NEW YORK, May 14, 2009 (GLOBE NEWSWIRE) -- The pace of mergers and acquisitions drastically declined across industrial products sectors, according to a series of first-quarter M&A reports released today by PricewaterhouseCoopers LLP (PwC). Deal volume in the global transportation and logistics (T&L), industrial manufacturing, metals, and chemicals industries came to a near halt in first quarter 2009 as economic uncertainties continued to loom across the globe.

Deal activity remained somewhat healthy in the chemicals sector, which experienced a steady pace of small and midsized deal announcements in the first quarter (58 deals with a disclosed value of at least $50 million), resulting in a 66 percent increase in overall deal value from fourth quarter 2008. The industrial manufacturing industry endured the most difficult M&A environment in the first quarter, with only 13 deal announcements, resulting in an 80 percent decline in total deal value from the same time last year.

Strategic buyers acted as the main investors in the majority of deals, as financial investors continued to shy away from deals because of tightened credit markets and a dearth of liquidity.
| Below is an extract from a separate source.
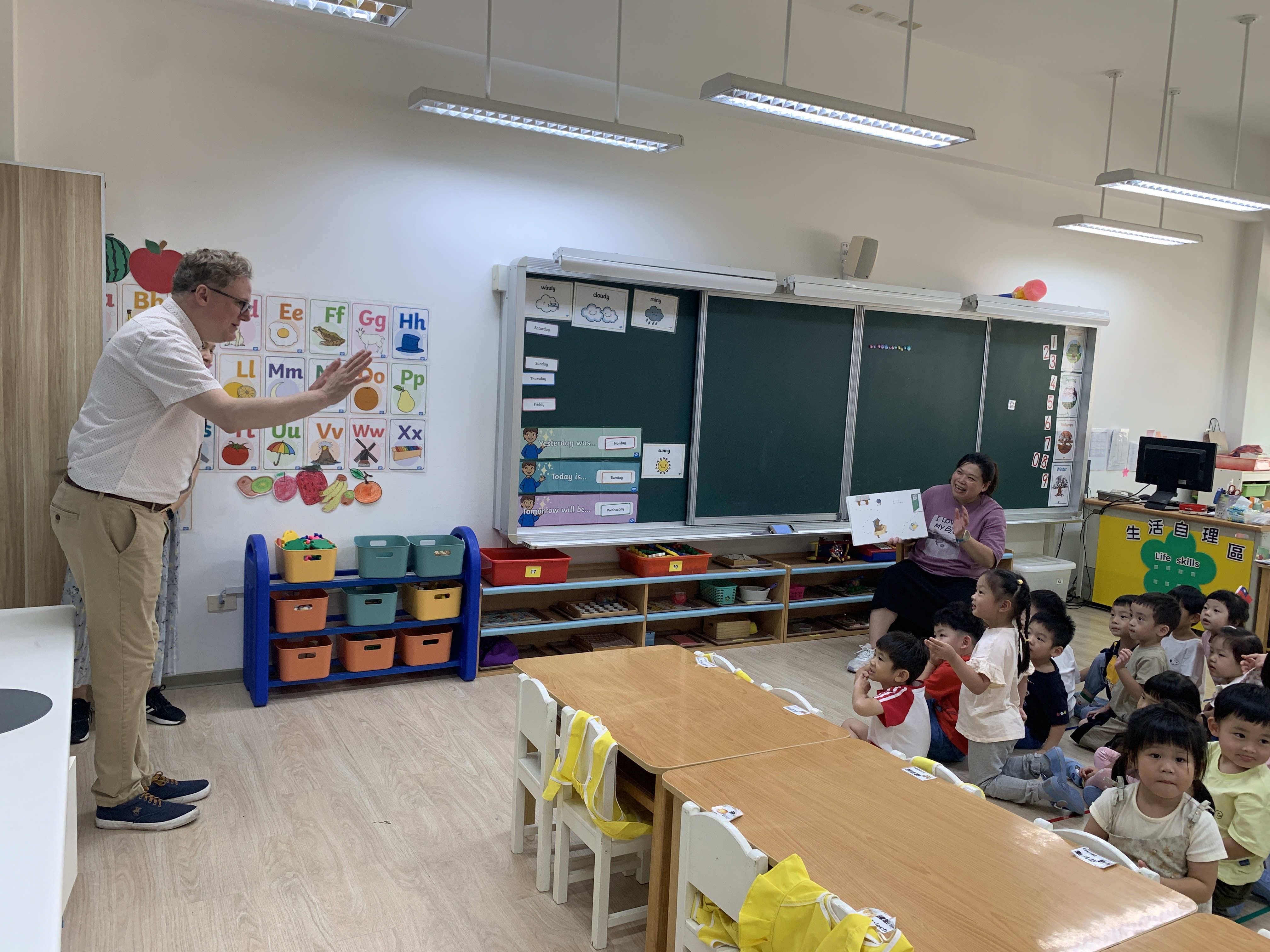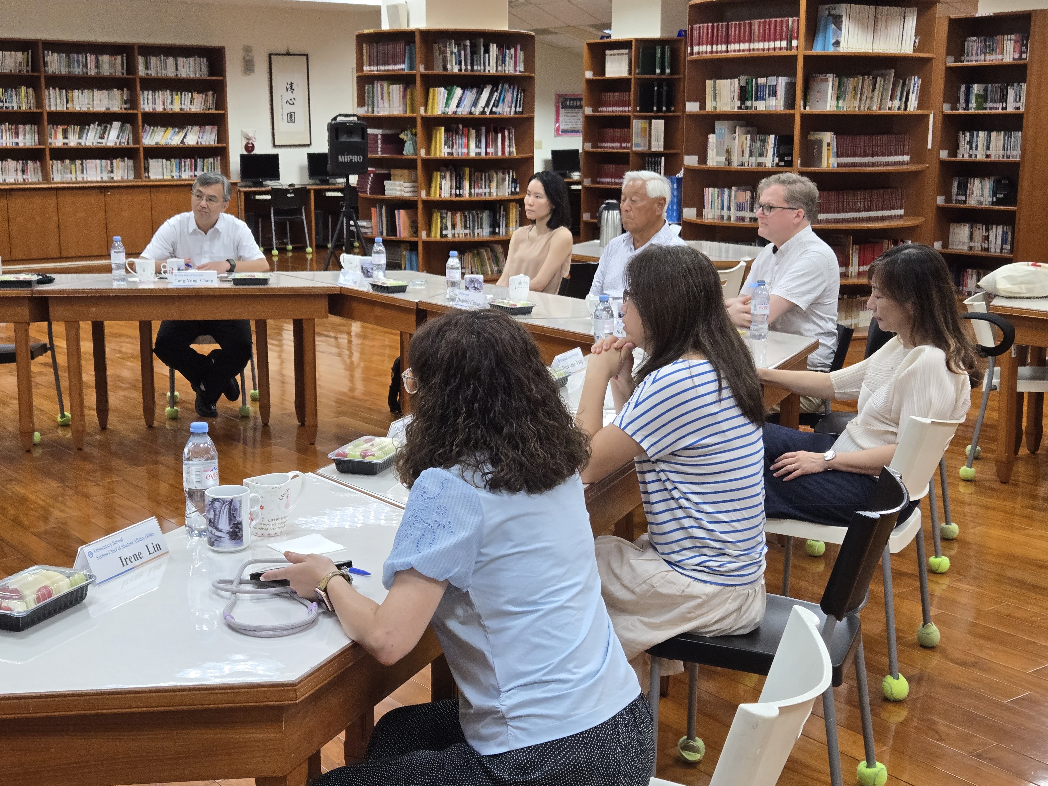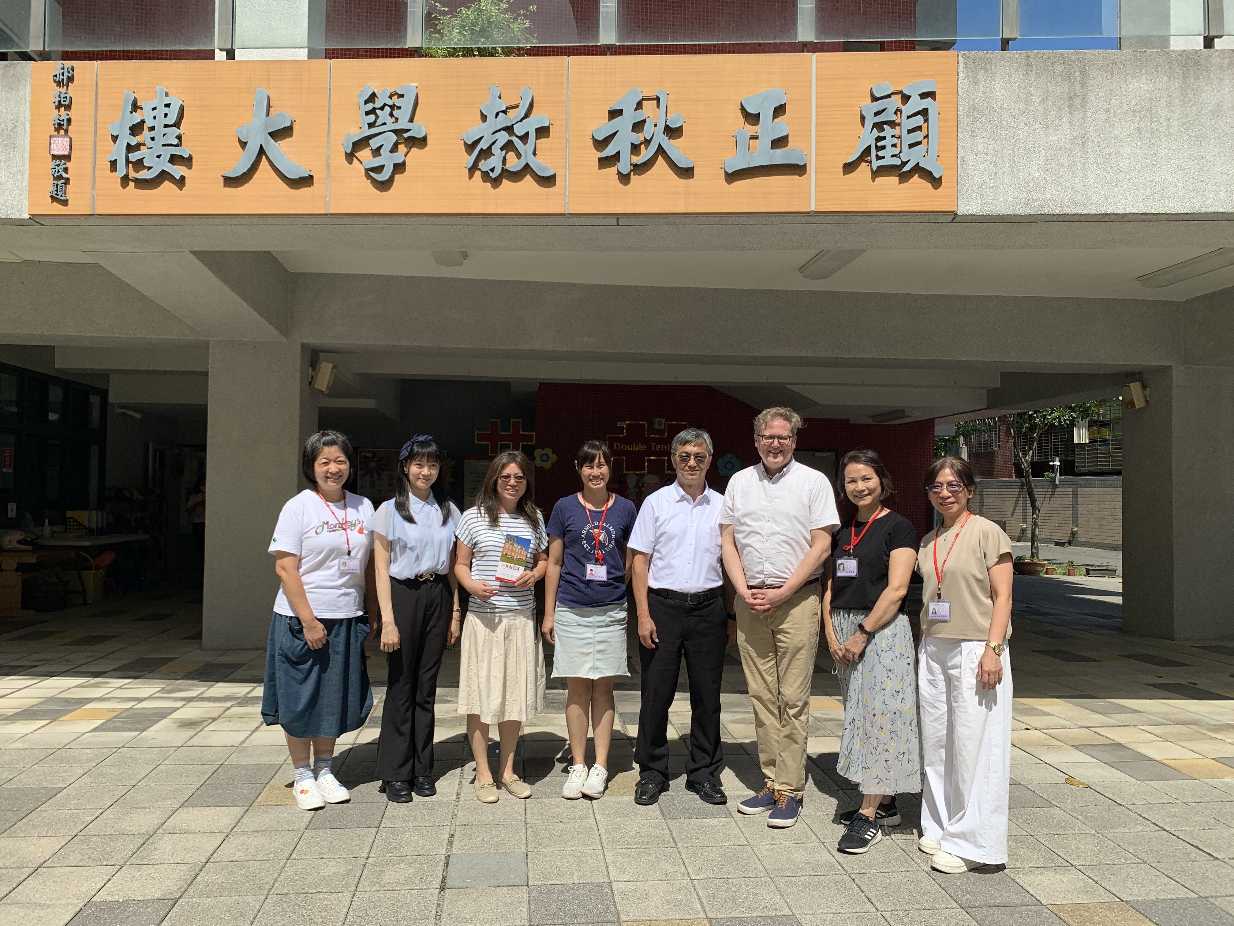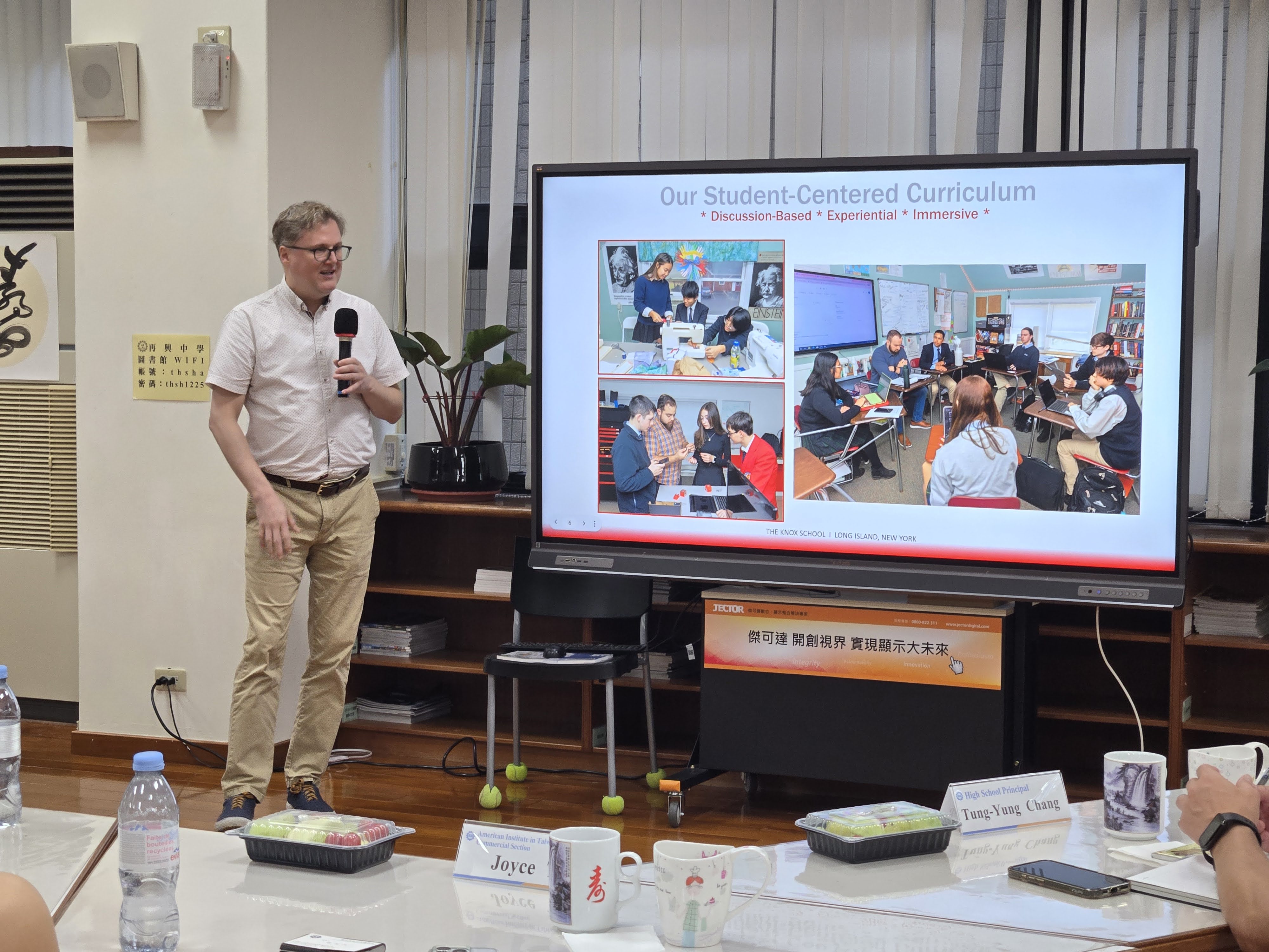 114-1009 美國紐約諾克斯學校代表蒞臨參訪 114年10月9日上午,美國紐約諾克斯學校(the Knox School)招生主任Joshua Pelkey蒞臨再興學校參訪,諾克斯學校是一所位於紐約長島的私立寄宿高中,成立超過40年,校園環境遼闊優美,甚至設有馬場及牧場,為6~12年級學生提供多元的中學及大學預修課程,以及豐富的體育及課外活動。 當天由張光正董事長帶領再興中小學團隊接待Joshua,與會師長包含張東勇校長、楊珩校長、李秉容主任、葉晶瑩主任及林雅鳳組長,Joshua抵達後,先到中學圖書館欣賞朱秀榮校長的文物,包含水墨畫作、京劇戲服等,並觀賞再興學校簡介影片,聆聽中學課程介紹簡報,對再興的環境、特色課程及活動有初步的認識。Joshua也詳細介紹諾克斯學校的校舍、歷史、課程安排及輔導規劃,該校旨在協助學生探索自我,進而找到未來的科系及職涯方向,因此非常重視五育培養及課程彈性,兩校在教育理念及方向上有諸多共同點,師長們也在簡報過程中熱絡的提問對談。 接著參觀校園,第一站前往幼兒園,蘇瑞鴛園長及老師們熱情的迎接,帶Joshua到教室裡和活潑的孩子們互動,用簡單的英文對話寒暄,第二站抵達小學圖書館,感受明亮溫馨的閱讀空間及互動式SEL特展,最後回到中學圖書館享用午餐,兩校師長相談甚歡,也期盼接下來能夠和諾克斯學校有近一步合作的機會。

For the most part, deal values and the average deal size declined from last year's levels, as high-priced, large deals were put on hold during the first quarter.

Anxieties over the domestic economy continued in early 2009 as interest in U.S. and North American targets declined. There were no deal announcements for U.S. targets in the metals or industrial manufacturing industries, and only one transaction in the T&L sector involved the United States. Meanwhile, North American targets dominated deal activity in the chemicals sector, accounting for two of the largest deals announced in the first quarter.
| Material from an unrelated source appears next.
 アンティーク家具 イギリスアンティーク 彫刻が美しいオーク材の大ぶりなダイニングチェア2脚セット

"The current financing environment has made it tremendously difficult for investors to support deals during the first quarter, as even the most well-capitalized strategic buyers are now engaging in smaller transactions, including minority stakes, divested assets, and distressed targets," said Dean Simone, U.S. industrial products leader, PricewaterhouseCoopers. "It is likely in the near future that we will continue to witness a pullback on large deals and transactions until the economy rebounds. However, we are starting to see indications of a turnaround, given the strengthening of the U.S. dollar and the passage of the federal stimulus package, so it may not be too long until we see a resurgence of M&A activity in the global industrial products sectors."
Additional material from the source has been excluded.